When molecules in a mixture are very similar, direct quantification becomes difficult. This is a separating technology used to separate very similar molecules from a mixture and then quantify them accurately. It is a member of a group of technologies known as "CHROMATOGRAPHY".

In chromatography, the components are separated on the basis of their chemical composition and structure. Any molecule present in the mixture will have its own unique composition and structure and therefore will have different interaction with its surrounding. These interactions make them all move uniquely on the support provided to it. This support is known as "stationary phase" and the energy to move is provided by a liquid or a gas "mobile phase".

On the basis of the material being used as either phase, the chromatographic technique is titled accordingly.
- Use of paper as the stationary phase: paper chromatography
- Use of immobilized silica gel layer on a glass plate: Thin Layer Chromatography
- Use of volatile gases: Gas Chromatography

HPLC (High Performance Liquid Chromatography) is a mode of chromatography wherein the stationary phase is used in form of fine particles packed in a cylindrical column made up of inert material like stainless steel. Stationary phase adsorbs the analytes and holds them reversibly for particular time. All the molecules in the mixture will spend different time with different stationary phase and therefore come out at the end one by one. Adsorption being the base of separation, usage of fine particles offers more surface area for the molecules to interact with. The time that a molecule takes to travel from one end to other end of the stationary phase is known as the RETENTION TIME. Hence all molecules will display their own unique retention time for a particular stationary-mobile phase combination.

Selection of stationary phase and mobile phase is done on the basis of the molecule of interest to get optimum retention time. As a result, HPLC acquires a high degree of versatility not found in other chromatographic systems and it has the ability to easily separate a wide variety of chemical mixtures.

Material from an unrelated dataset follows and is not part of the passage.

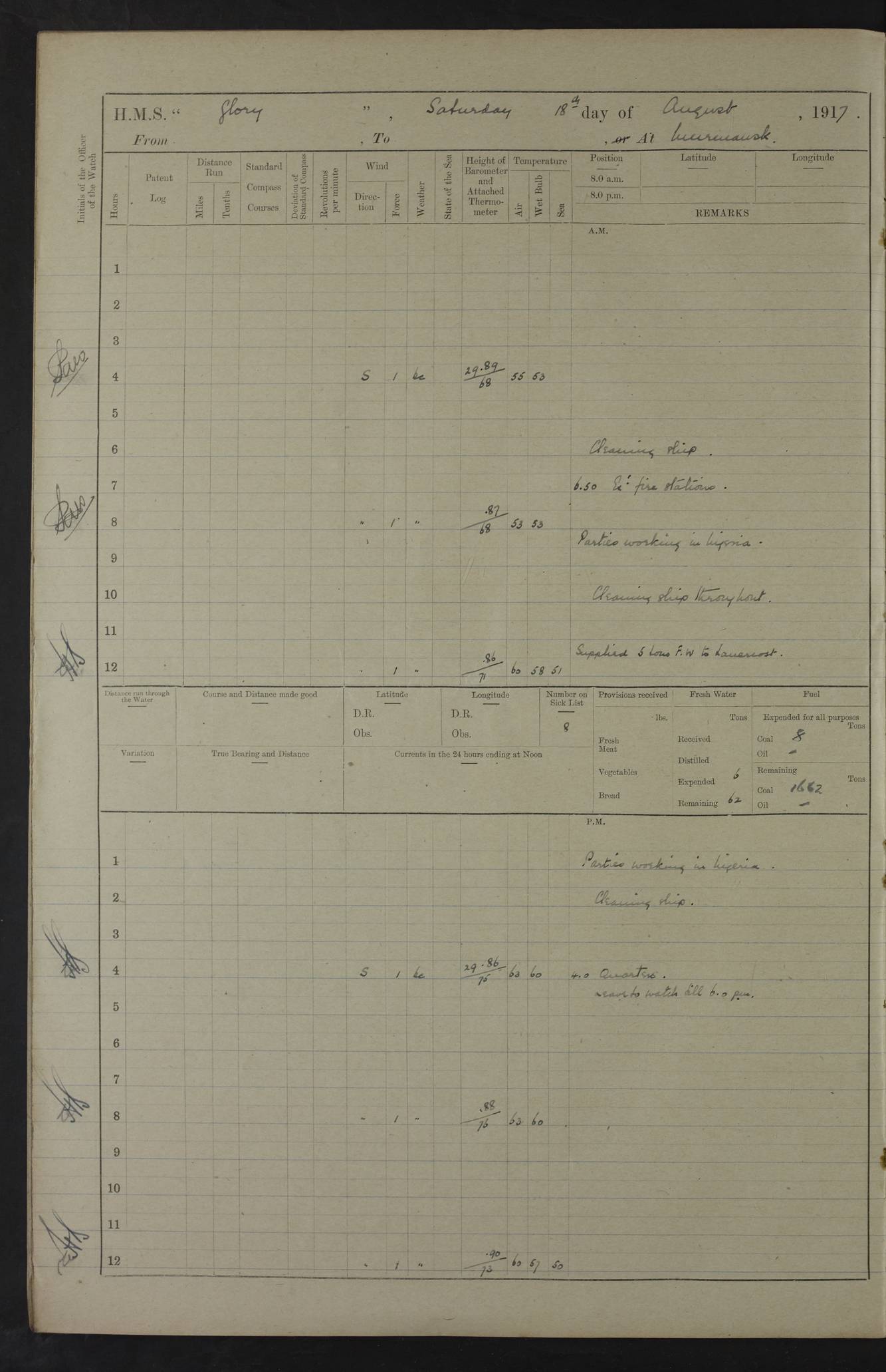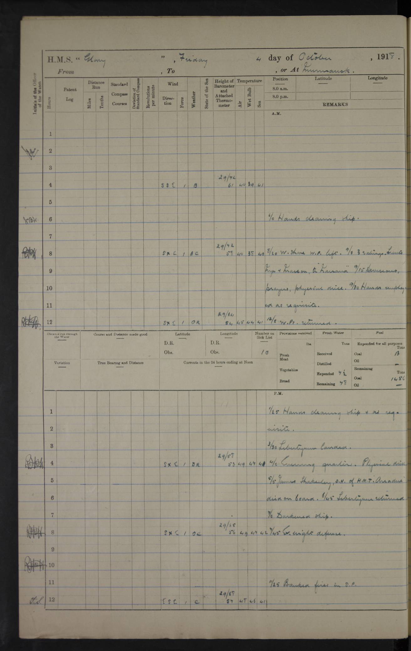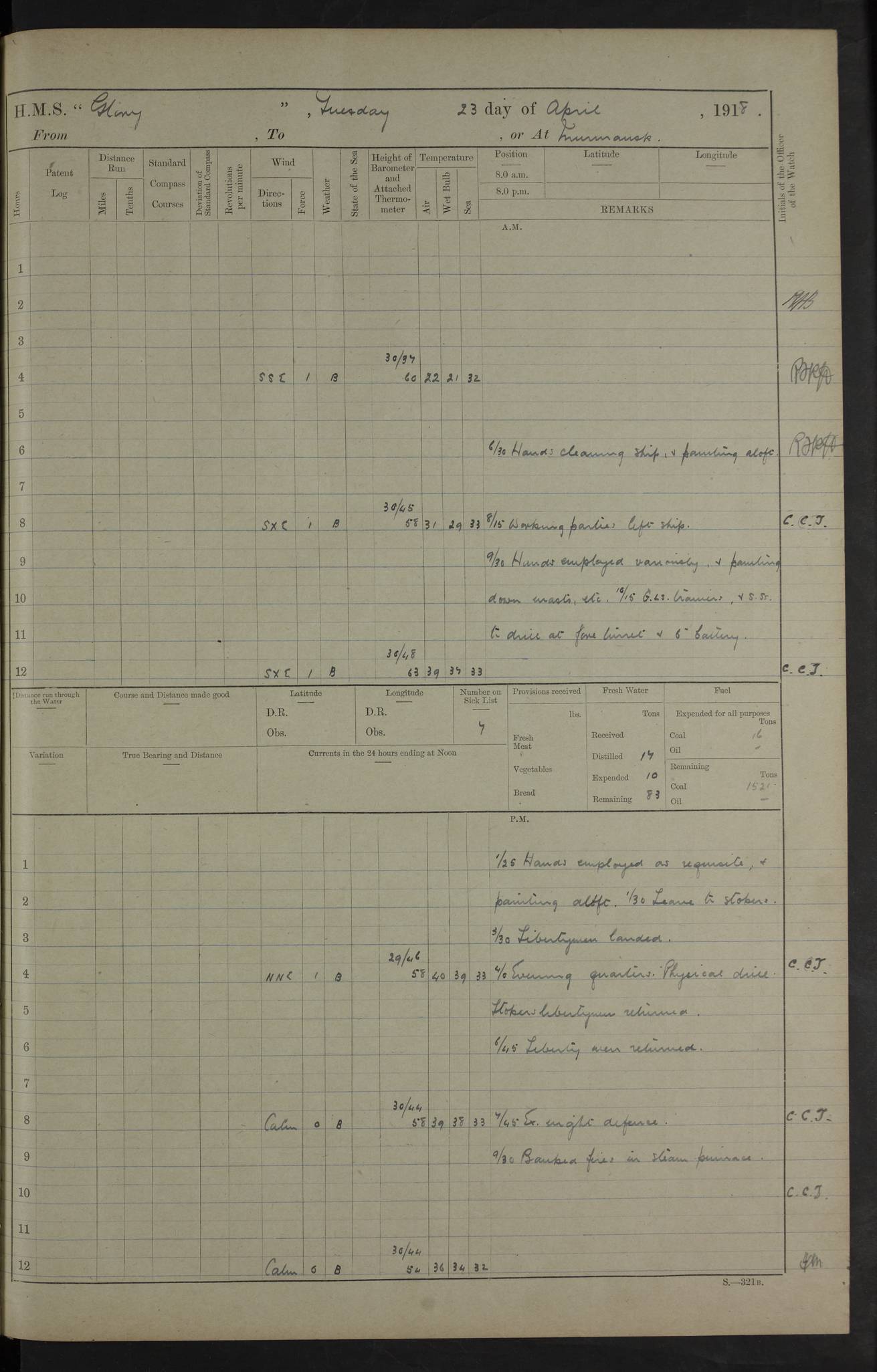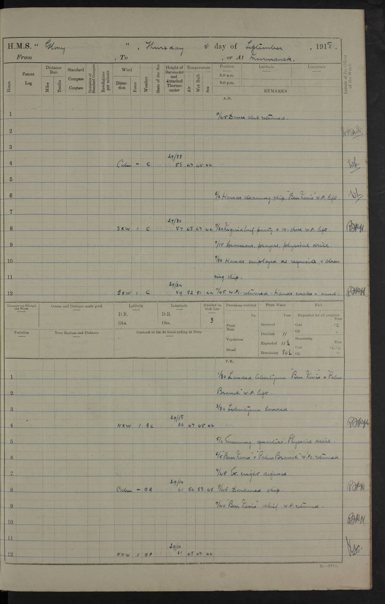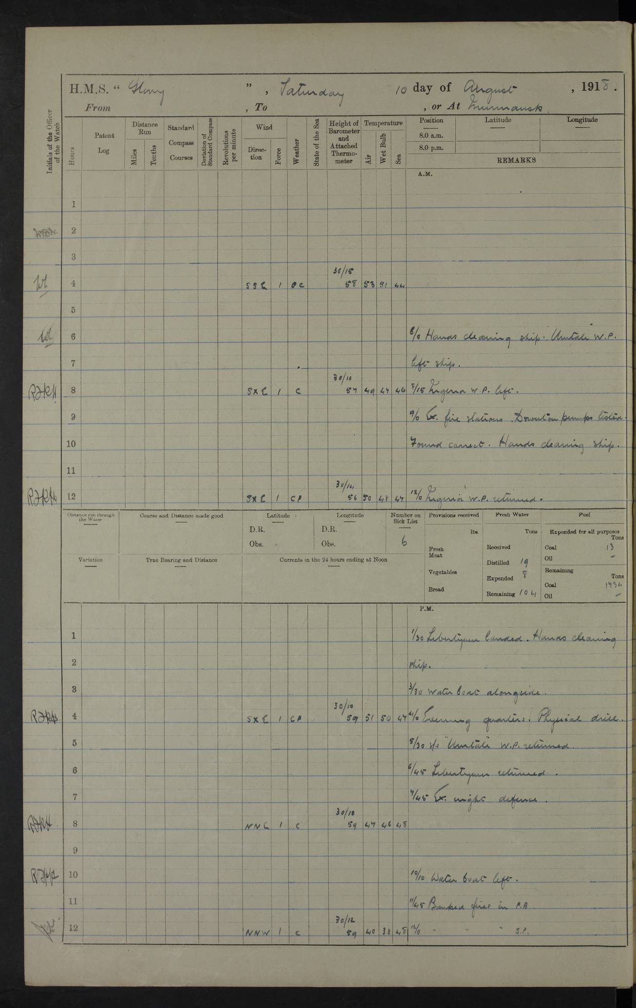 Captain’s inspection. 11.00pm: PO telegraphist joined ship from Goroslava. 4ef4f793e53e0a0c91002ca4: (https://s3.amazonaws.com:443/oldweather/ADM53-43039/ADM 53-43039-175_0.jpg) 26 August 1918 Murmansk Lat 69.03, Long 33.05 6.00am: Hands working main derrick. Out picket boat. In steam pinnace. 6.30am: Sub. Lieutenant Thompson joined T.17. 8.20am: Store and engineers working parties left. 10.15am: Gunner (T) and AB joined from T.17. 11.00am: 1 marine to Goroslava. 1.30pm: Engineers and store working parties left. 2.00pm: Discharged 2 warrant officers to Alexander. 5.00pm: Discharged Commander Monro to Alexander. Store party returned. 4ef4f794e53e0a0c91002ca5: (https://s3.amazonaws.com:443/oldweather/ADM53-43039/ADM 53-43039-175_1.jpg) 27 August 1918 Murmansk Lat 69.03, Long 33.05 Number on sick list: 6 6.00am: Store party left ship. 8.10am: Carpenters and ER (engine room?) working parties left ship. 11.00am: Hoisted 1st, 2nd, and 3rd cutters. 12 noon: Store party returned. 1.30pm: Store party landed and engineers working party. Hands employed as requisite and hoisting in stores. 3.30pm: Libertymen landed and store party. 4.10pm: Umtali working party left. 4.15pm: Carpenters working party returned. 7.15pm: Umtali working party returned. 4ef4f794e53e0a0c91002ca6: (https://s3.amazonaws.com:443/oldweather/ADM53-43039/ADM 53-43039-176_0.jpg) 28 August 1918 Murmansk Lat 69.03, Long 33.05 Number on sick list: 4 8.15am: Beef party to Nigeria, carpenters and engineers working parties. 11.45am: Beef party returned. 1.45pm: Working party to western shore with Commander Campbell. 6.20pm: Western shore working party returned. 6.45pm: Engineers and carpenters working parties returned, and libertymen. 4ef4f794e53e0a0c91002ca7: (https://s3.amazonaws.com:443/oldweather/ADM53-43039/ADM 53-43039-176_1.jpg) 29 August 1918 Murmansk Lat 69.03, Long 33.05 Number on sick list: 4 8.15am: Carpenters and engineers working parties left. 8.30am: Western shore working party left. 1.20pm: Western shore working party left. 4.00pm: Western shore working party returned. pm: Port watch clearing Anchor Star. 4ef4f794e53e0a0c91002ca8: (https://s3.amazonaws.com:443/oldweather/ADM53-43039/ADM 53-43039-177_0.jpg) 30 August 1918 Murmansk Lat 69.03, Long 33.05 Number on sick list: 4 8.30am: Western shore working party left and beef party. 11.00am: Beef party returned. 12 noon: Western shore working party returned. 1.30pm: Western shore working party left, and store party for Heathside. 6.40pm: Libertymen, engineers and carpenters working parties returned. 4ef4f794e53e0a0c91002ca9: (https://s3.amazonaws.com:443/oldweather/ADM53-43039/ADM 53-43039-177_1.jpg) 31 August 1918 Murmansk Lat 69.03, Long 33.05 Number on sick list: 3 8.30am: Landed engineers, carpenters and western shore working parties. 9.15am: Landed carpenters working party. 12 noon: Western shore working party returned. 3.40pm: Carpenters working party returned. 4.45pm: Western shore working party returned. 6.45pm: Engineers working party and libertymen returned. LOGS FOR SEPTEMBER 1918 4ef4f794e53e0a0c91002caa: (https://s3.amazonaws.com:443/oldweather/ADM53-43039/ADM 53-43039-178_0.jpg) 4ef4f794e53e0a0c91002cab: (https://s3.amazonaws.com:443/oldweather/ADM53-43039/ADM 53-43039-178_1.jpg) 4ef4f794e53e0a0c91002cac: (https://s3.amazonaws.com:443/oldweather/ADM53-43039/ADM 53-43039-179_0.jpg) 4ef4f794e53e0a0c91002cad: (https://s3.amazonaws.com:443/oldweather/ADM53-43039/ADM 53-43039-179_1.jpg) No log available for 1 September 1918. 4ef4f794e53e0a0c91002cae: (https://s3.amazonaws.com:443/oldweather/ADM53-43039/ADM 53-43039-180_0.jpg) 2 September 1918 Murmansk Lat 69.03, Long 33.05 Number on sick list: 5 8.00am: Alexandrovsk, western shore and beef working parties left. 10.45am: Beef party returned. 11.10am: Water boat alongside. 12.45pm: Paid monthly money. Survivors of Ariadne Christine left ship. ‘Ariadne Christine’, of 3550 tons gross, was built in 1910 at Thompson & Sons, Sunderland, and was mined off the Ribachi Peninsula at the entrance to the White Sea on 2 September, 1918. Details at http://www.uboat.net/wwi/ships_hit/7678.html . 4.30pm: Western shore working party returned. 6.20pm: Alexandrovsk working party returned. 7.00pm: Libertymen and engineers working party returned. 8.00pm: Received from Junco 231 bags mail. Junco was a hired trawler of 191 tons gross, built in 1917 (Admiralty No. 1657; Port No. H.587). 4ef4f794e53e0a0c91002caf: (https://s3.amazonaws.com:443/oldweather/ADM53-43039/ADM 53-43039-180_1.jpg) 3 September 1918 Murmansk Lat 69.03, Long 33.05 Number on sick list: 4 8.15am: Pier working party, engineers and carpenters working parties left. 10.50am: Admiral and staff transferred to Salvator. 11.50am: Working parties returned. 1.30pm: Nigeria and pier working parties left. 3.15pm: Tay & Tyne secured alongside. 4.20pm: Western shore working party returned. 7.45pm: Received 19 bags mail, ex T.13. 4ef4f794e53e0a0c91002cb0: (https://s3.amazonaws.com:443/oldweather/ADM53-43039/ADM 53-43039-181_0.jpg) 4 September 1918 Murmansk Lat 69.03, Long 33.05 Number on sick list: 3 8.20am: Engineers working party and western shore working party left. 12 noon: Western shore working party returned. 1.30pm: Working part left for stores. 4.00pm: Working parties returned. 5.50pm: Working party left ship for wharf. 6.00pm: Leave to 12.00 for dance club. 8.25pm: Working parties returned. 4ef4f794e53e0a0c91002cb1: (https://s3.amazonaws.com:443/oldweather/ADM53-43039/ADM 53-43039-181_1.jpg) 5 September 1918 Murmansk Lat 69.03, Long 33.05 Number on sick list: 3 0.45am: Dance club returned. 6.00am: Ben Nevis working party left. ‘Ben Nevis’ was a store carrier of 3895 grt, built in 1905. Sourced from F.J. Dittmar & J.J. Colledge (1972) – British warships 1914–1919, Ian Allan. 8.20am: Nigeria beef party and western shore working party left. 11.45am: Working parties returned. 1.30pm: Ben Nevis and Palm Branch working parties left. 6.05pm: Ben Nevis and Palm Branch wo

Silicagel is the most frequently used adsorbent. The adsorbent is packed in a column. The density of the packing directly affects the resolution. Hence the HPLC columns are densely packed with the adsorbent to achieve significant degree of resolution. But very high density of packing demands for the mobile phase to be introduced at very high pressure to generate effective flow. So the technique is also sometimes named as HIGH PRESSURE LIQUID CHROMATOGRAPHY.

At the end of the column, a detector is kept. As the molecules come out from the end, the detector detects and gives signal. Till the molecules keeps traveling through the detector's path it keeps detecting it and gives a peak on CHROMATOGRAM. The peak area calculation quantifies the molecule of interest on the basis of standard values.

Remarkable interference can be observed by minor changes in the stationary and mobile phase composition, purity and/or density. Therefore it is must to get standard grade reagents for HPLC. Such quality control requirements makes HPLC a little expensive technology as compared to other similar technologies.